### Your task
Write out again, word for word, the lines below from the line that holds "Wear this bold" through the line that holds "Care instructions: Wash", omitting pictures.

### Records for this task
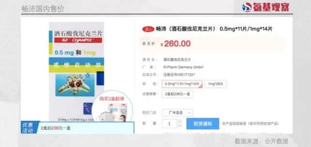 以国内为例。如下图所示,Champix0.5毫克11片/1毫克14片的产品组合为260元,1毫克*28片的产品为345元/盒。
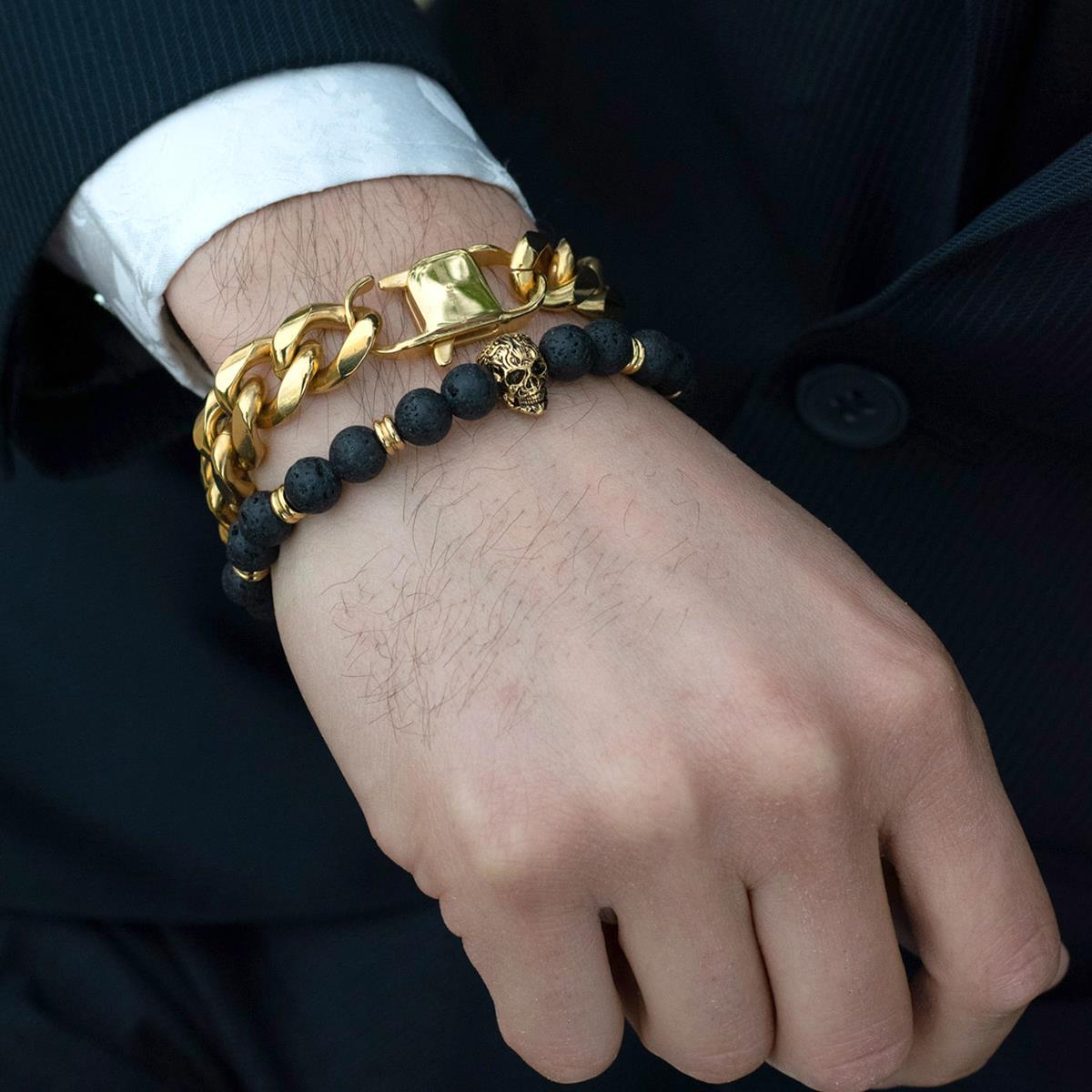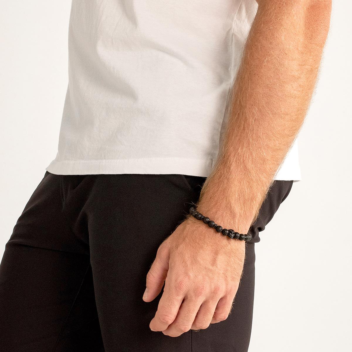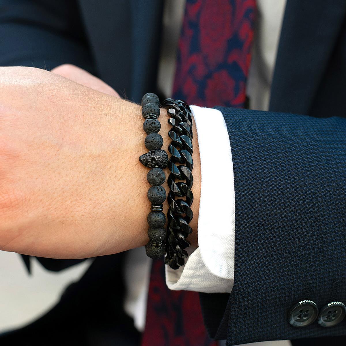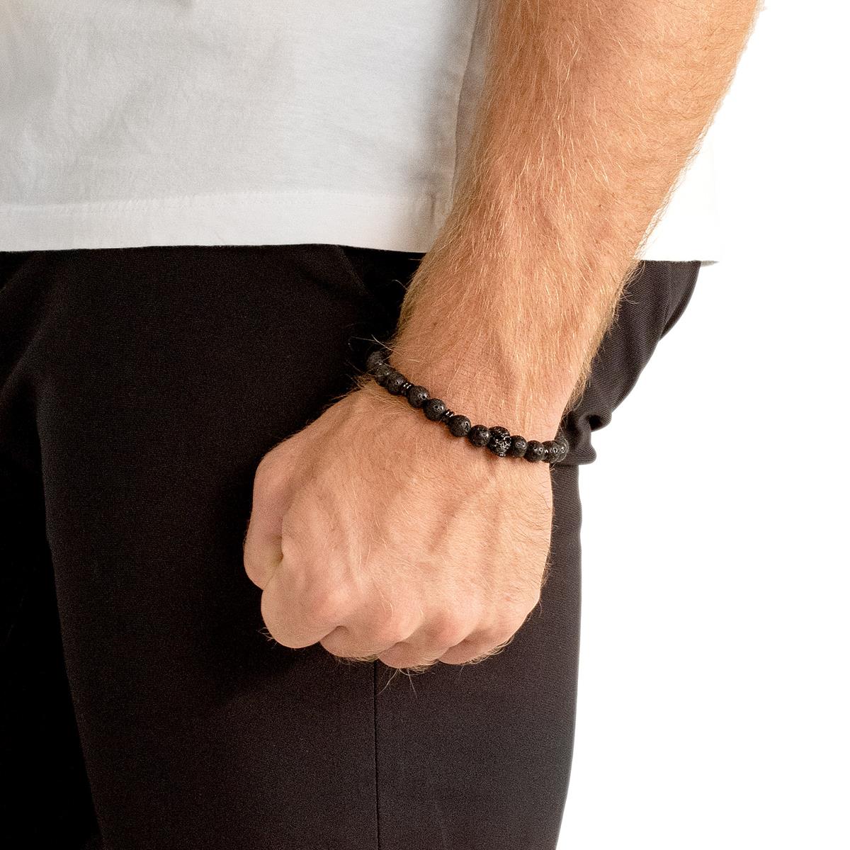 Wear this bold stone stretch bracelet and easily pair it with every look. The bracelet has 20 Lava stones contrasted by 10 steel spacer beads. The center of the bracelet has 1 skull bead and 1 steel bead spacer bead on the opposite end.
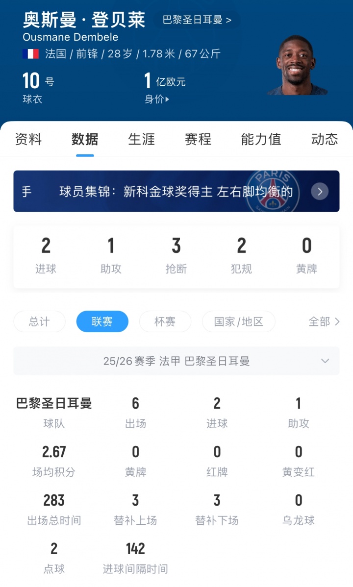 这是28岁的登贝莱本赛季第三次负伤 ,苏超直播在线观看他本赛季已经缺席了16场赛事 中的7场,伤缺44天。他本赛季至今仅为巴黎出战6场法甲、2场欧冠和1场欧超杯,贡献3球2助,共计425分钟,其中仅在欧超杯打满全场。
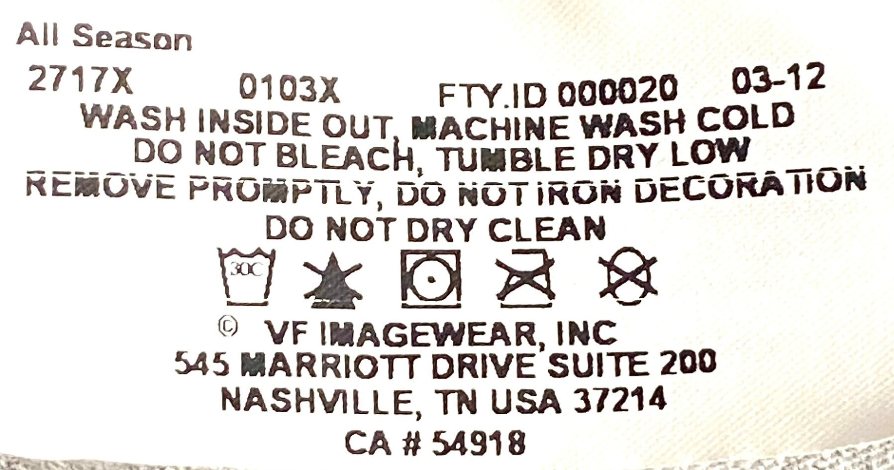Care instructions: Wash inside out, machine wash cold -- Do not bleach -- Tumble dry low, remove promptly -- Do not iron decoration -- Do not dry clean --
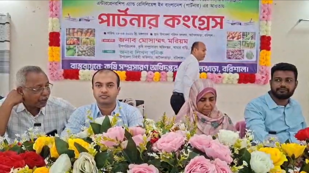 বরিশালের আগৈলঝাড়ায় কৃষিতে আধুনিক প্রযুক্তির ব্যবহার, উৎপাদন বৃদ্ধি এবং কৃষকদের আর্থিক উন্নয়নকে গুরুত্ব দিয়ে “পার্টনার কংগ্রেস” অনুষ্ঠিত হয়েছে।
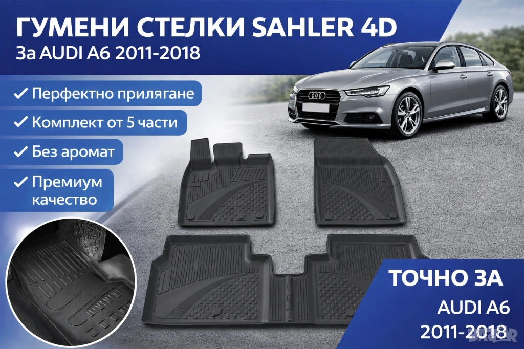 Висококачествени гумени стелки Sahler 4D, изработени специално за Audi A6 (2011–2018 г.). Осигуряват пълна защита на пода и перфектно прилягане по формата на купето.
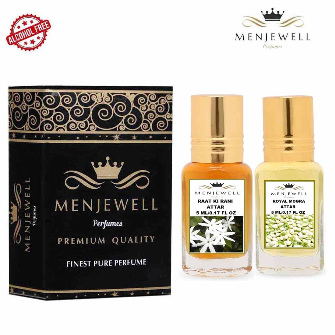 Menjewell Floral Raat Ki Rani & Mogra Liquid Attar Combo For Men & Women (Pack Of 2) 5Ml
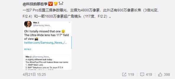 按照目前各大廠商旗艦新機的發布進度,應該也快到了一加新旗艦亮相的時候了。繼此前多次曝光一加7渲染圖之后,現在有最新消息,國外爆料人分享了一加7 Pro后置三攝的具體參數。

### Exercise output
 Wear this bold stone stretch bracelet and easily pair it with every look. The bracelet has 20 Lava stones contrasted by 10 steel spacer beads. The center of the bracelet has 1 skull bead and 1 steel bead spacer bead on the opposite end.
 这是28岁的登贝莱本赛季第三次负伤 ,苏超直播在线观看他本赛季已经缺席了16场赛事 中的7场,伤缺44天。他本赛季至今仅为巴黎出战6场法甲、2场欧冠和1场欧超杯,贡献3球2助,共计425分钟,其中仅在欧超杯打满全场。
Care instructions: Wash inside out, machine wash cold -- Do not bleach -- Tumble dry low, remove promptly -- Do not iron decoration -- Do not dry clean --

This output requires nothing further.